Alright, MC, here's one that works for me. Taken from an old Consumer Reports. It's not Grandma's, but it's not Campbell's either. I double it and enjoy for several days.
Jerry


----------



## mastercylinder60 (Dec 18, 2005)

thanks, goags. i'll try that one.


----------



## notthatdeep (Feb 5, 2005)

Here's mine:

4 cans of Swanson Chicken Broth. 
1 onion chopped
2 carrots chopped
2 celery stalks chopped
1 clove of garlic, smashed and diced.
2 large chicken breasts...maybe more, maybe less, maybe thighs, etc
1 strip of bacon
black pepper, cajun seasoning (Zatrains, Tony's etc)
1/4 -1/3 pack or so of egg noodles 

Brown the chicken and bacon in your pan in a little olive oil. Remove and set aside. Remove excess oil.
Saute onion, celery, carrots and garlic in the same pan slowly, about 10 minutes.
Chop up the chicken in 1/2-3/4" pieces and chop bacon fine and put back in the pan with vegs.
Add the chicken broth and bring to boil. Add noodles. Once it boils again, turn back heat and simmer till noodles are done. Season to taste. Simmering longer doesnt hurt.
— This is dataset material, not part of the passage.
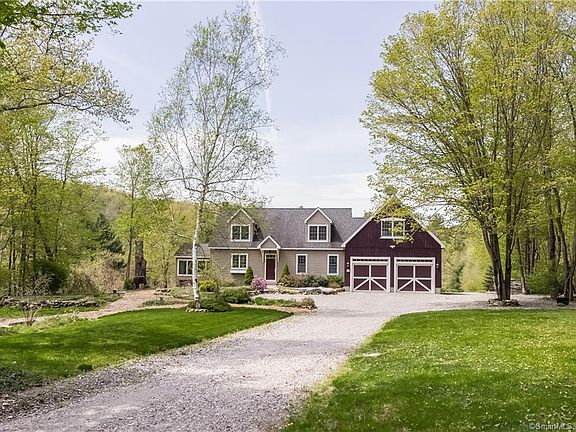 Enjoy the picturesque views from this beautifully custom built Cape nestled in 55 acres of land that include a rolling hill, trails and a brook that runs along a large pasture that provides potential for turning out horses! Large kitchen that opens to the living area with cathedral ceilings illuminate with natural light throughout the day. Gorgeous soapstone wood burning stove under a "circa 1800 hand-hewn Hemlock beam" fireplace mantel will keep both levels nice and toasty on those fall/winter nights. Roll out the retractable awning on the large Trek deck to provide shade during hot months. Radiant heat in tile flooring on main level for extra comfort during cold months and a 4 season porch/den area with large screened windows includes heat to enjoy the outdoors during any time of the year! Master can be on main level or top level! Both have ensuite bathrooms and large closets! Cozy loft office on upper level with spectacular views! Huge bonus/great room with vaulted ceiling above an oversized 2 car garage that offers Drive Thru access to the backyard for extra convenience! Plenty of storage throughout the house as well as a full basement and extra wide stairs and oversized doorways. You get to enjoy all the beauty of nature with low maintenance gardens and daily wildlife sightings but still have an easy commute! Just minutes from Rt 8! Must see in person to appreciate this beauty! All who enter must wear masks and take off their shoes or wear booties over shoes.

Sounds like a lot to do but its really fast and really good.


----------



## backlashlady (Aug 27, 2007)

*Best Ever*

When making chicken noodle soup it is a must to make your own noodles and its easy. Take 6 eggs, salt and pepper and beat until mixed. Slowly add flour until it all comes together. Put flour down on counter and need until firm to touch (you will be adding flour as you go). Roll out dough and cut into thin strips (my kids like them kinda big) and let them set out until your chicken broth comes to a boil. The day before I make soup I saute diced onion, celery and seasoning and add enough chicken broth to cover chicken. Cook the chicken, let cool, put in frig. The next day I skim off the fat that has collected on top and debone chicken and put it back into the same pot. While chicken is coming to a boil I make my noodles. Add noodles to boiling chicken stock and and cook until noodles are done. I like to put chicken soup over mashed potatoes. I cant wait until the next cold front.


----------



## Dolphingirl (Apr 5, 2006)

Here is another way!
I cut about two stalk of celery
1 small whole onion diced
Fill my pot about half full of water and add chicken bouillion soup base, celery, onion, salt pepper and garlic powder. Bring it to a boil and add the chicken. Boil the chicken until done about 45 minutes or more remove your chicken and let cool, add your noodles to the broth. Debone your chicken and add it to your soup and you are done. The longer you let it sit the better! You can add seasonings to your taste!

Kelly


----------